Victor Jara, presente!


08/10/2008


Colaboração de Mário Augusto Jakobskind, Conselheiro da ABI e membro
 da Comissão de Direitos Humanos e Liberdade de Expressão da Casa

A capacidade para ser herói se mede pelo respeito que se tributa aos que se foram. Lembro-me da antológica frase de José Martí, cultuado em Cuba como o grande mártir da independência daquele país em relação à Espanha, para lembrar de Victor Jara. Herói de seu tempo, de todos os tempos, Jara, assim como José Martí, propugnava transformação, em seu país, em todos os aspectos: econômico, político e social.
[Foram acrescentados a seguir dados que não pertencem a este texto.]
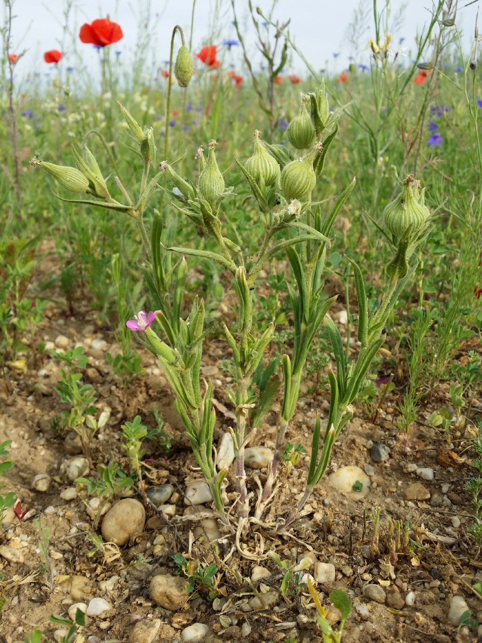 VI - VII, Trockenrasen, Sandstrände (0 - 2000 m) Synonyme: English name: Nom francais: Nome italiano: Verbreitung in Deutschland: Gefährdung in Deutschland: Weltweite Verbreitung: Eingebürgert in: Etymologie: Sandiges Biotop mit Massenvorkommen von Silene conica (Venedig, Isola del Lido):

Quando propus ao Moisés, aqui do Casa Grande(*), a realização de uma homenagem ao bravo Victor Jara, justifiquei o quanto seria importante o Rio de Janeiro lembrar este intelectual chileno, um mártir desta Nuestra América, herói tão barbaramente assassinado pelos golpistas de extrema-direita chefiados pela figura hedionda de Augusto Pinochet, a 16 de setembro de 1973, no Estádio Nacional, em Santiago do Chile.

Relatei que a viúva, Joan, e as filhas, Amanda e Manuela, travam batalhas incansáveis para preservar a memória de Victor Jara. E desde 1993 a Fundação Victor Jara não poupou esforços no sentido de divulgar o pensamento revolucionário e a canção social do compositor. Em 25 de julho passado, a Prefeitura de Santiago, segundo o jornal El Clarín, do Chile, ordenou o fechamento da sede da Fundação, localizada na Praça Brasil, em Santiago. A Direção da Fundação trava agora uma batalha no sentido de a medida ser revogada. E queremos, desde já, mandar um recado para Joan Jara, Amanda e Manuela: a luta de vocês é a nossa luta.

A Corte de Apelações reabriu as investigações sobre o assassinato cruel de Victor naquele Estádio Nacional que hoje leva o seu nome. E o assassino foi identificado: é Edwin Minter Bianchi, então Tenente do Exército, de estrita confiança dos generais golpistas.

A Justiça chilena entende que crimes contra a humanidade são imprescritíveis. Não há perdão para quem tortura e mata, ainda mais de forma tão cruel como a que aconteceu a 16 de setembro de 1973.

É fundamental não esquecer nossos heróis e mártires. Victor hoje está nesta galeria junto com Simon Bolívar, José Martí, Abreu e Lima, Che Guevara, Carlos Lamarca e tantos outros que, cada um a seu modo, deu sua contribuição no sentido de tornar este continente latino-americano verdadeiramente livre, justo e fraterno.

Victor Jara, que está espiritualmente entre nós, deve ser reverenciado não apenas com sua lembrança. Também devemos também mostrar que, se ele estivesse aqui agora, neste tempo de transformações por que passa a Nuestra América, certamente estaria compondo em favor dos índios mapuches, seus irmãos chilenos, que continuam sendo vítimas da repressão institucional até mesmo em tempos pós-ditadura com os governos da Concertación.

Victor Jara, se estivesse aqui em nossos dias, certamente estaria cerrando fileiras em torno das novas lideranças que surgiram nesta Nuestra América. Estaria com Hugo Chávez, com Evo Morales, com Rafael Correa, com Fernando Lugo, com Cristina Kirchner, com Lula, com Daniel Ortega. Estaria com Raúl Castro e participaria ativamente neste momento da campanha humanitária que se realiza em várias partes do mundo em favor dos cubanos que, além de serem vitimados por um bloqueio de quase 50 anos, sofreram as agruras de dois furacões que acabaram com a sua agricultura e deixaram mais de 500 mil desabrigados.

Victor estaria certamente engajado na luta pela democratização da comunicação no seu Chile e em toda a América Latina, para evitar a repetição do que ocorreu com o jornal El Mercurio, que, nos meses que antecederam o golpe contra Salvador Allende, recebeu ajuda de US$ 1,5 milhão da CIA para envenenar a opinião pública contra o então Presidente constitucional, como comprovam os arquivos da inteligência estadunidense tornados públicos.

Victor Jara, claro, estaria apoiando qualquer movimento que fortalecesse a luta dos povos de Nuestra América. Estaria cerrando fileiras também no sentido de dar o recado atual de nossos dias, a de que passou o tempo em que a América Latina era considerada pátio traseiro ou quintal dos Estados Unidos.

Uma homenagem a Victor Jara, podem crer, ficaria incompleta sem a menção destes fatos.
Victor Jara, presente!

*Este texto foi lido na homenagem ao compositor chileno realizada no Teatro Casa Grande, na última segunda-feira, dia 6.